Reactivity

October 24, 2018

 

Reactivity is a reactive or "aggressive" response to stimuli in the environment. Reactivity typically involves barking, lunging, and/or growling behavior. Dogs may display this behavior from inside the house, while on car rides, from behind a fence, and while walking on a leash. 

The most difficult dogs will have a: 

  • low threshold (triggered by the littlest thing)... 

  • high response (adrenalized from "0-60", in a split second), and...

  • slow recovery (high/anxious energy...whining, pacing, panting... long after the event).


Most owners and trainers will attempt to solve this emotional problem by requiring specific physical positions.
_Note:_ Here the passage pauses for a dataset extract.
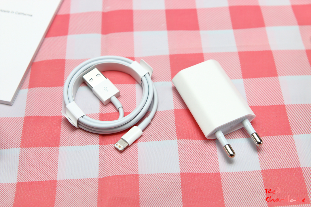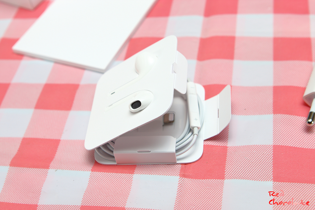 아이폰 SE 꺼내니 유선 이어폰과 충전기, 충전 케이블이 있다.

Most owners and trainers will attempt to use "sit", "down", or "heel" to require the dog to remain "calm" and "in position" while the dog is emotionally stressed, or "triggered". This creates a high-conflict dynamic between dog and owner. The environmental challenge is high, and the dog's performance proficiency is low. The dog is stressed, the owner is issuing commands in an incredibly difficult moment, and the dog often "fails to perform". As a result, the owner's stress level and the dog's stress level dramatically increases. This isn't fun anymore, is it?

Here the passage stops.